**What you will do:** Give exactly the lines from the one that contains "265| Ensemble comprenant" through the end of the entries below, both included; the pictures stay out.

-- Records for the task follows --

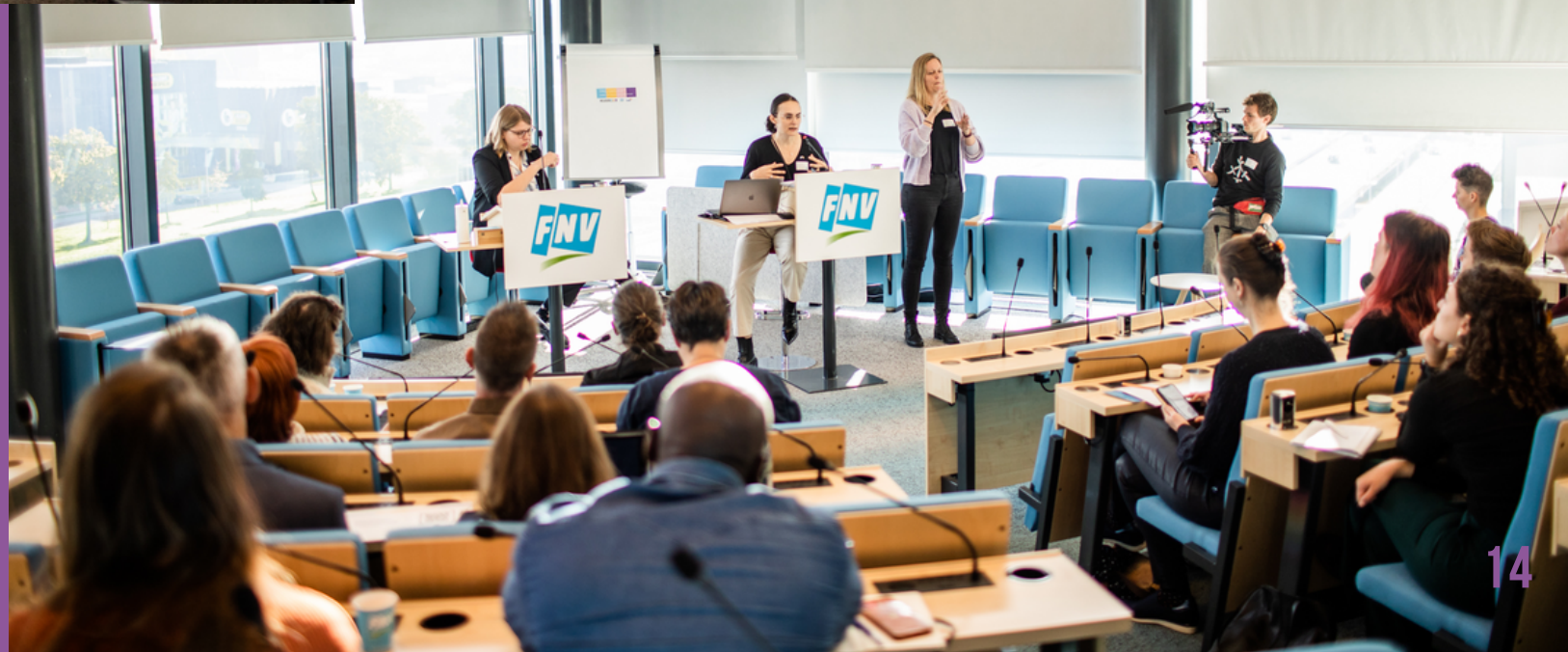
Inclusion4all conferentie van Transgender Netwerk en FNV
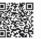
紙芝居 「わたしからあなたへ」
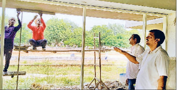
भिवानी। जिमखाना क्लब में काम करते कारीगर।
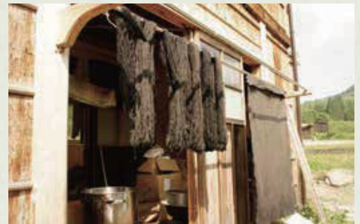
※井普請がなければ、こちらで藍立ての作業を体験させていただきます。

野良着ひとつにも地域特有のものがあります。股にゆとりがあり、体を動かす仕事に最適な「たつけ」は、1枚の布からゴミが出ないように設計されているのだとか。伝統を受け継ぐヒントをここで伺います。
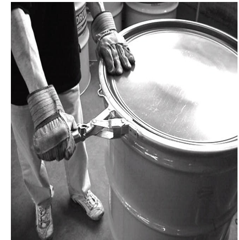
Figure 8 – Palanca deberá cerrarse lentamente
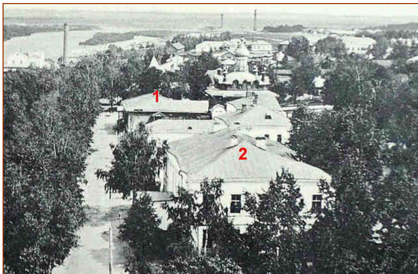
Под номером 1 - здание больницы, под номером 2 - здание Присутственных мест, между ними каменное здание тюрьмы

Первое время больница составляла главную статью расхода в городском бюджете. На её содержание расходовалась та же сумма (более четверти бюджета!), что и на полицию, пожарную команду, магистрат, сиротский суд, вместе взятые. При скудных городских доходах содержание больницы было несколько обременительно для города» [И.Зудина, «ЗТ», 19.08.1994].
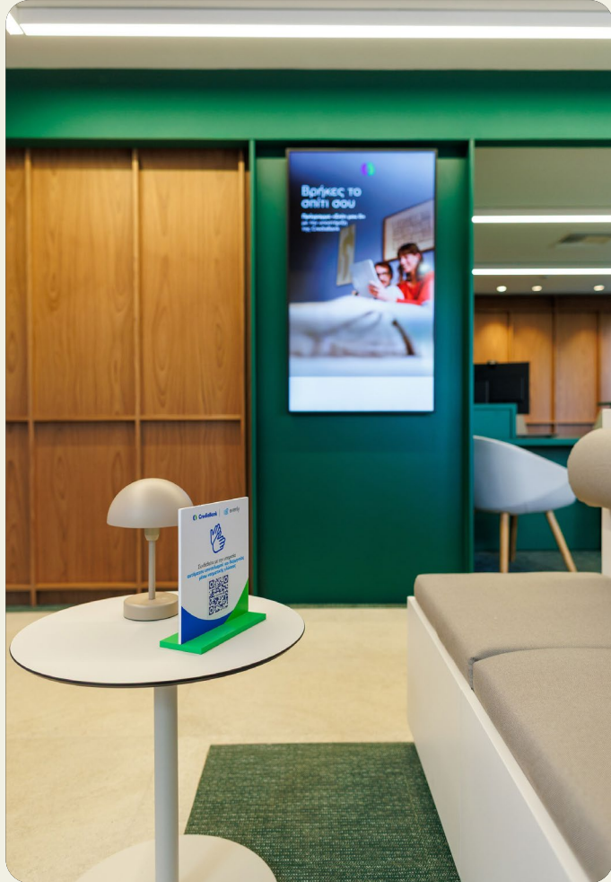
Η ψηφιακή εφαρμογή προσβασιμότητας, στο Κατάστημα Νέας Εμπειρίας CrediaBank στην Πανεπιστημίου
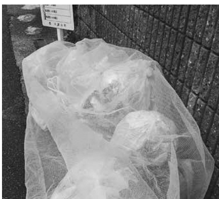
カラス対策の黄色いネット
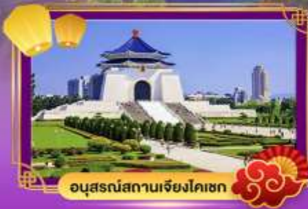
อนุสรณ์สถานเจียง ไคเชก
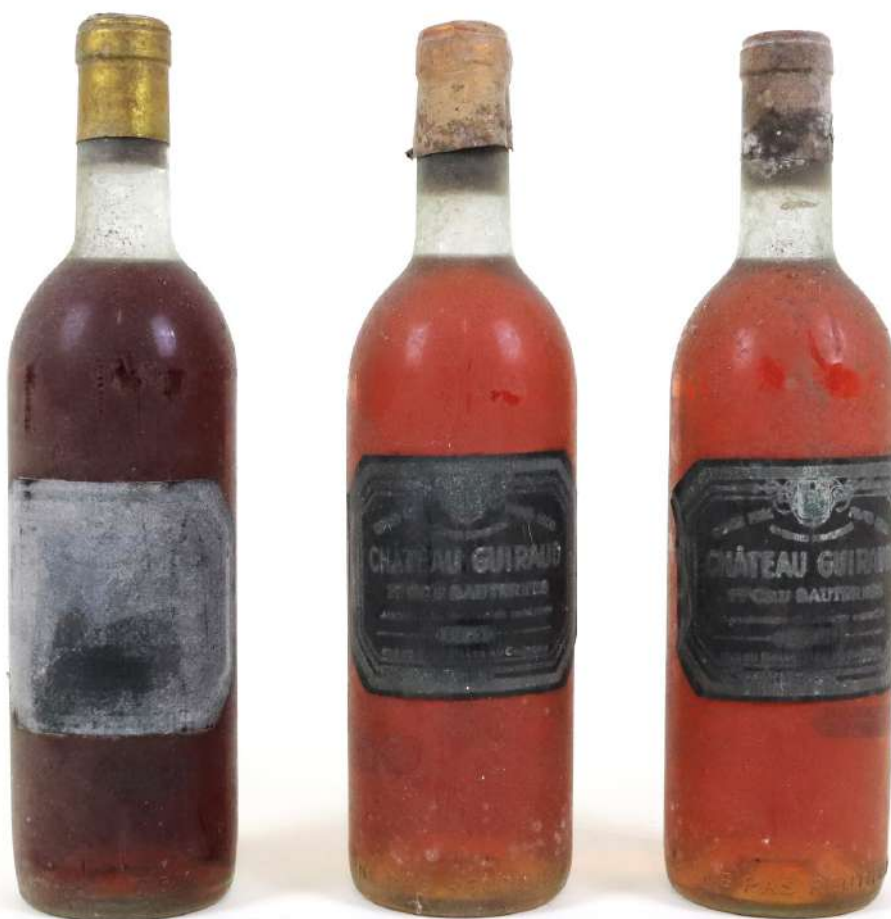
265| Ensemble comprenant : - 1 bouteille 1er Cru SAUTERNES Château Guiraud 1963. (TLB - ELS - CAPS AB) - 1 bouteille 1er Cru SAUTERNES Château Guiraud 1965. (TLB - ELS - CAPS AB). - 1 bouteille 1er Cru SAUTERNES Château Guiraud 1967. (TLB - ETS - CAPS AB).
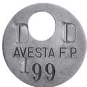
23. Inlämningsbricka för cykel i Avesta Folks Park, Dalarna. Aluminium.

-- Records for the task concluded --

**Exercise answer:**
265| Ensemble comprenant : - 1 bouteille 1er Cru SAUTERNES Château Guiraud 1963. (TLB - ELS - CAPS AB) - 1 bouteille 1er Cru SAUTERNES Château Guiraud 1965. (TLB - ELS - CAPS AB). - 1 bouteille 1er Cru SAUTERNES Château Guiraud 1967. (TLB - ETS - CAPS AB).
23. Inlämningsbricka för cykel i Avesta Folks Park, Dalarna. Aluminium.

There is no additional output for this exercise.